Een ‘woelige of oproerzuchtige dweeper’, zo werd Hirschel Lehren (1784-1853) door de bestuurlijke elite van Joods Nederland getypeerd. Samen met zijn broers Jakob Meijer (1793-1863) en Akiba (1795-1876) lag hij geregeld dwars bij het integratiebeleid dat de overheid samen met de Joodse elite ontwikkelde.
De gebroeders Lehren wilden dat de Nederlandse Joden volop verbonden zouden blijven met de internationale Joodse gemeenschap. Omdat zij, leden van een toonaangevende bankiersfamilie, financieel volkomen onafhankelijk waren, waagden ze het om tegen het beleid in te gaan. Ze protesteerden tegen de veranderingen in het Joodse onderwijs, trokken ten strijde tegen religieuze vernieuwingen en coördineerden het verzet van orthodoxe Joden in Centraal- en West-Europa tegen het opkomende liberale jodendom.
De vroomheid van de gebroeders Lehren trok veel aandacht: zij vastten minimaal twee dagen in de week, besteedden dagelijks veel tijd aan Torastudie, waren gefascineerd door de mystieke kabbala en hielden thuis hun eigen synagogediensten. Te midden van de geïntegreerde bovenlaag van Joods Nederland waren ze een opmerkelijke verschijning.

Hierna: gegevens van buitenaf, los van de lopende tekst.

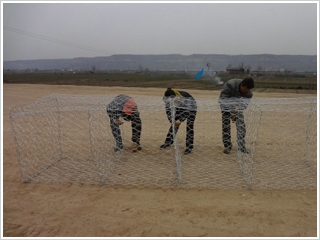 4.前板、后板和尾板大致向垂直方向開口,呈開口箱形。 側(cè)翼應(yīng)適當折疊并相互重疊。 所有隔板和尾板應(yīng)固定并固定在前后板上。 組裝時,鍍鋅石籠網(wǎng)應(yīng)與周圍表面、尾部和空間一起安裝,并應(yīng)確保所有折痕處于正確的方向,每個側(cè)面的頂部水平。 后,鍍鋅石籠網(wǎng)的邊緣通過絞合鋼絲連接。

De eigen synagogediensten, waarin niet de Amsterdamse ritus werd gevolgd, maar de Oost-Europese chassidische, stuitten op fel verzet van de bestuurlijke elite. Zij zouden hiermee de kiem leggen van een eigen sekte en verdeeldheid zaaien. Hoewel de alternatieve synagogediensten in 1827 werden verboden, lukte het door de vindingrijkheid van de Lehrens echter niet om dat ook af te dwingen. De broers hadden een sterke internationaal-Joodse oriëntatie: niet alleen waren ze de spil van Pekidiem en Amarcaliem, ook ontvingen ze Joodse geleerden uit heel Europa en stonden ze in contact met vrijwel alle orthodoxe leiders. Met hun kennis, netwerk en financiën ondersteunden ze de ontwikkeling van het orthodoxe jodendom. De opkomst van het liberale jodendom zagen ze als een ernstige bedreiging. Tegelijkertijd zetten zij zich echter ook volop in voor het Nederlandse jodendom.
Ondanks de felle conflicten, dwong hun vroomheid en inzet steeds respect af en werden de broers regelmatig voor prominente functies gevraagd. Zo waren ze bestuurders van het Nederlands Israëlietisch Seminarium, het Amsterdamse jongensweeshuis Megadlé Jethomim en hadden ze zitting in het bestuur van de Joodse Gemeente Amsterdam. Daar spanden zij zich ervoor in dat de integratie in de Nederlandse samenleving niet ten koste zou gaan van trouw aan het jodendom.